Provided data:

-*-

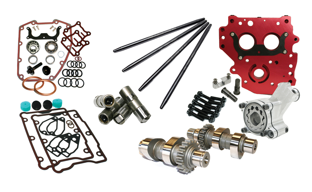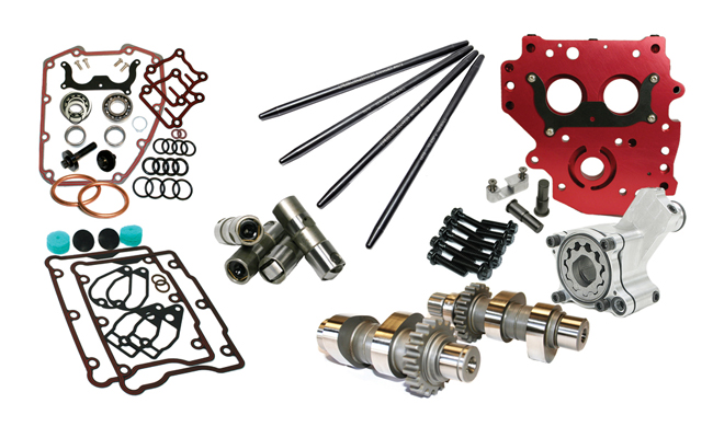TC 99-06 Except 06 Dyna, Chain Drive, Includes 543 Reaper Camshafts #1000, Cam Install kit #2059, HP+ Lifters #4000, One Piece Pushrods #4072, HP+ Oil Pump #7000, Anodized Camplate #8010 and ARP Camplate/Oil Pump Fasteners #8020. Requires cam gears.
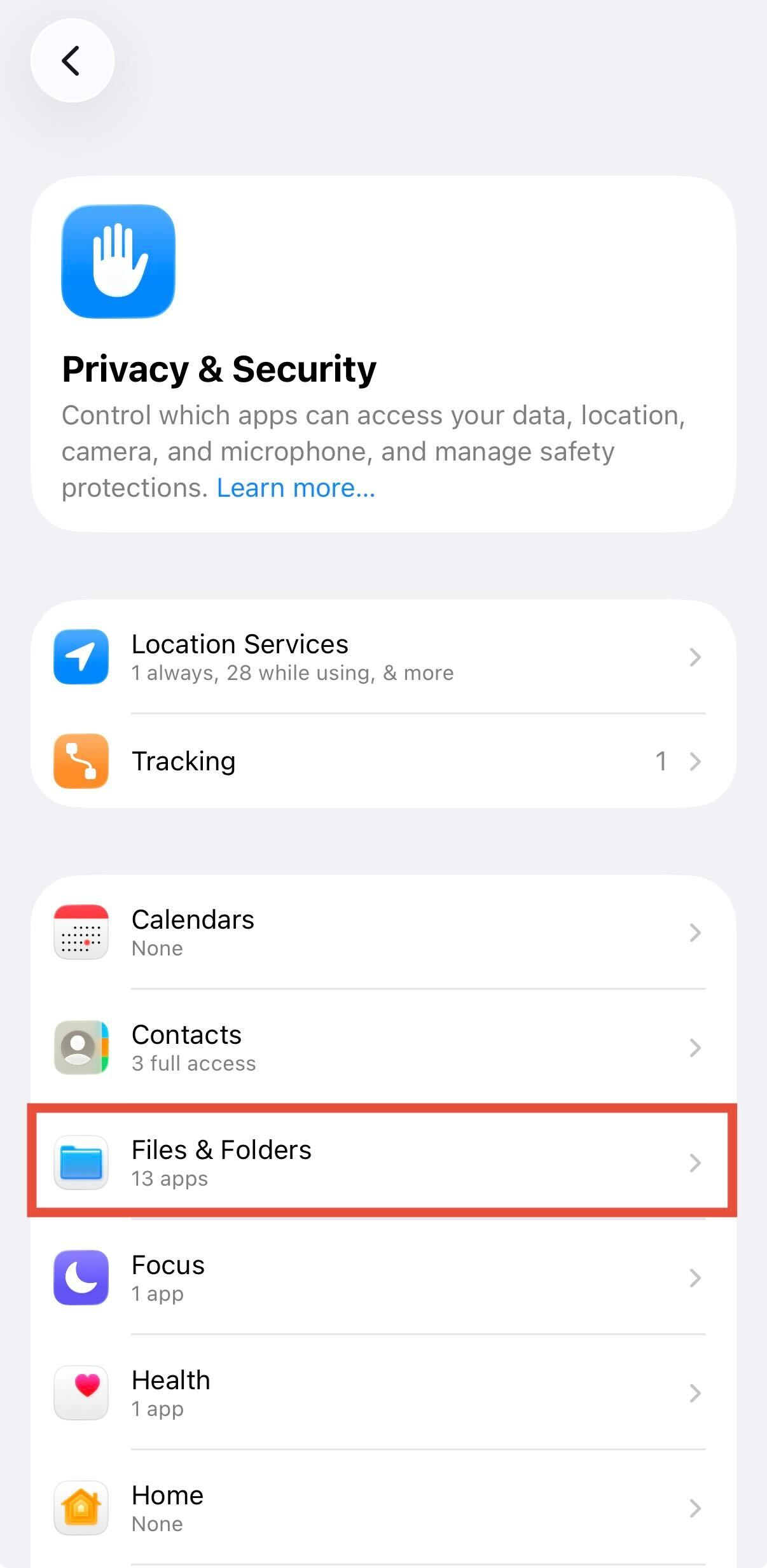 - Go to Privacy & Security
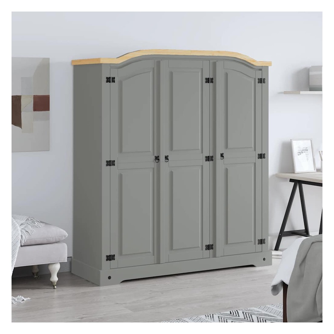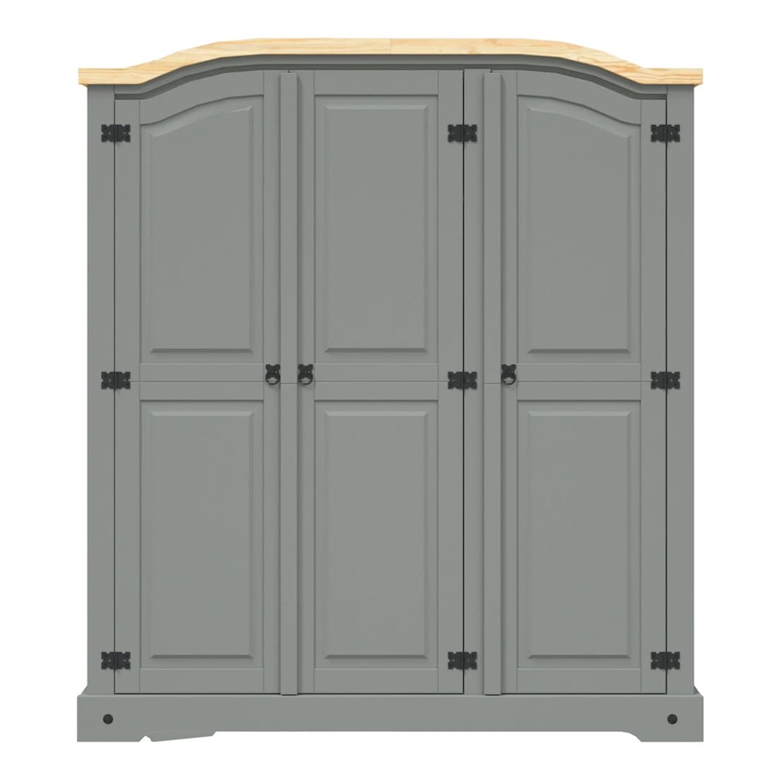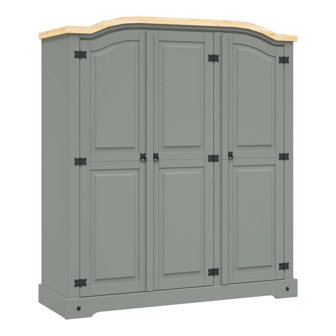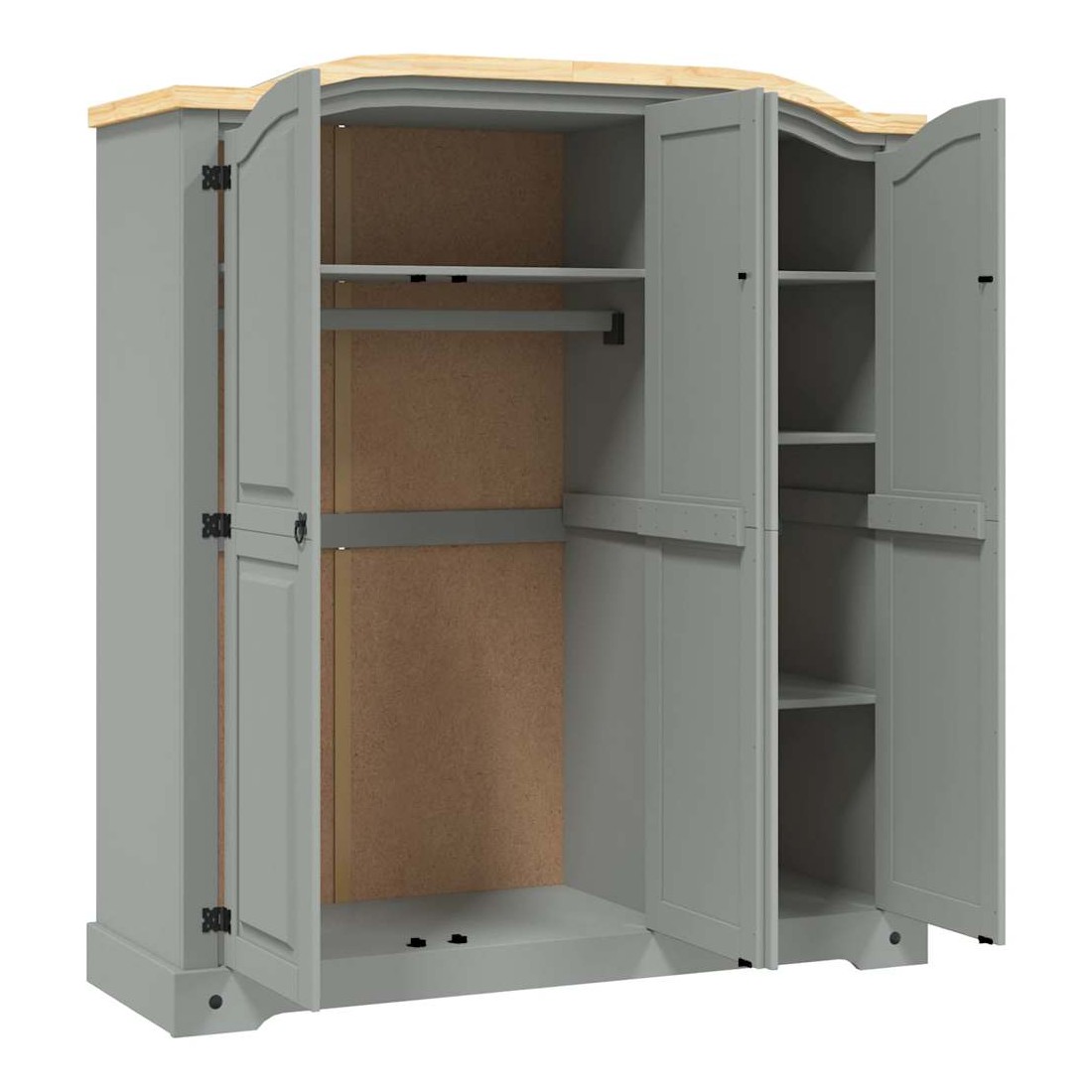 Cette garde-robe en bois de haute qualité est un meuble dans le style mexicain « Corona ». Le pin ciré avec des détails en métal noir dégage un charme mexicain rustique qui fera de la garde-robe un excellent supplément à votre chambre à coucher ou vestiaire. La garde-robe possède un magnifique design de dessus en forme de dôme et 3 portes. L’armoire solide et robuste est fabriquée à partir de bois de pin massif. Le grand compartiment à gauche est doté d'une étagère supérieure et d'une barre de penderie et offre beaucoup d'espace pour ranger vos vêtements. Le compartiment à droite comprend quatre étagères idéales pour ranger sous-vêtements, chaussettes, etc. L'assemblage est facile.
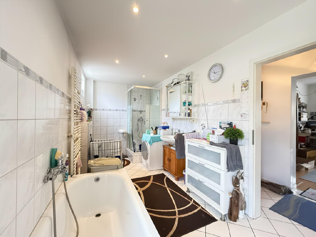 helles Wohnzimmer, Wohnküche, Schlafzimmer, Flur, großes Tageslicht-Bad mit Wanne und Dusche und
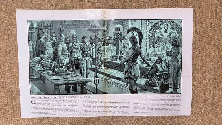 Sale spartano a un banchetto persiano Quadro di F. Matania Grande stampa 1933
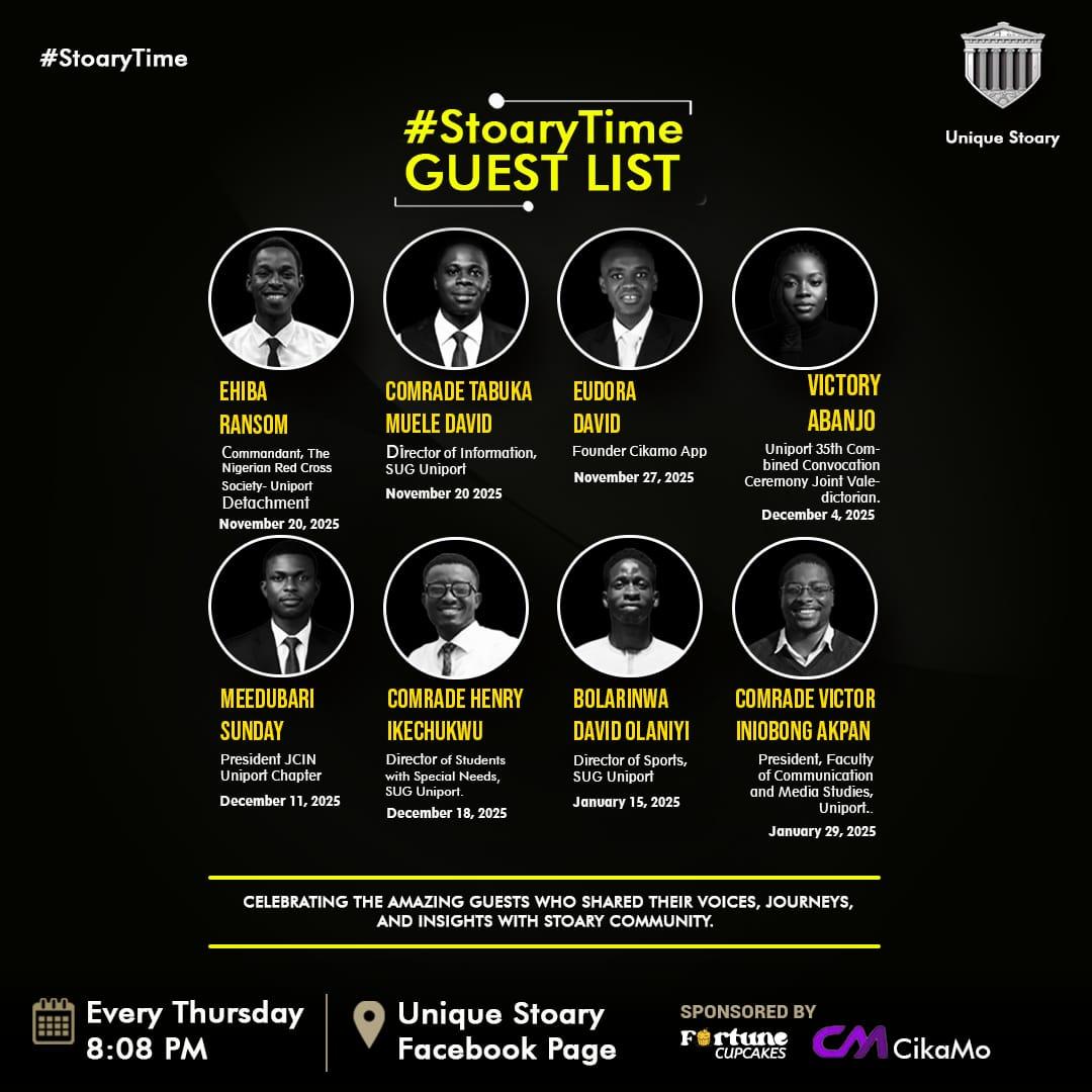 #UniqueStoary #Uniport #Stoary #StoaryTime #ABetterUniport #Cikamo #Campus cikamo Admin #CampusGist #CampusLife🎙️ TO OUR INCREDIBLE STOARY TIME GUESTS — THANK YOU Every episode of #StoaryTime has been shaped by the voices that showed up, spoke honestly, and shared their journeys. To every guest featured on this flyer—thank you for trusting the space, lending your voice, and helping us create conversations that truly matter. You didn’t just join a live show. You helped build a community, spark ideas, and remind us that every Stoary carries purpose. #StoaryTime Guest List • Ehiba Ransom Commandant, The Nigerian Red Cross Society - Uniport Detachment November 20, 2025 • Comrade Tabuka Muele David Director of Information, SUG Uniport November 20, 2025 • Eudora David Founder Cikamo App November 27, 2025 • Victory Abanjo Uniport 35th Combined Convocation Ceremony Joint Valedictorian. December 4, 2025 • Meedubari Sunday President JCIN Uniport Chapter December 11, 2025 • Comrade Henry Ikechukwu Director of Students with Special Needs, SUG Uniport December 18, 2025 • Bolarinwa David Olaniyi Director of Sports, SUG Uniport January 15, 2026 • Comrade Victor Iniobong Akpan President, Faculty of Communication and Media Studies, Uniport. January 29, 2026 We celebrate you. We appreciate you. And we’re grateful to have shared this journey together. Here’s to more impact, more connection, and many more Stoaries worth telling. _____________________________________________ We have a WhatsApp channel. Do well to follow for exclusive offers, placements and real time updates; https://whatsapp.com/channel/0029VbAYOmR05MUbjMcimM00 _____________________________________________ #UniqueStoary #Uniport #Stoary #StoaryTime #ABetterUniport #Cikamo #Campus [cikamoAdmin] #CampusGist #CampusLife· 0 Commenti ·0 condivisioni ·250 Views ·0 Anteprima2

-*-

Work required: The answer should contain only the lines from the beginning of the material above through the line with "- Go to Privacy & Security", retyped exactly, with the pictures removed.

Solution to this problem:
TC 99-06 Except 06 Dyna, Chain Drive, Includes 543 Reaper Camshafts #1000, Cam Install kit #2059, HP+ Lifters #4000, One Piece Pushrods #4072, HP+ Oil Pump #7000, Anodized Camplate #8010 and ARP Camplate/Oil Pump Fasteners #8020. Requires cam gears.
 - Go to Privacy & Security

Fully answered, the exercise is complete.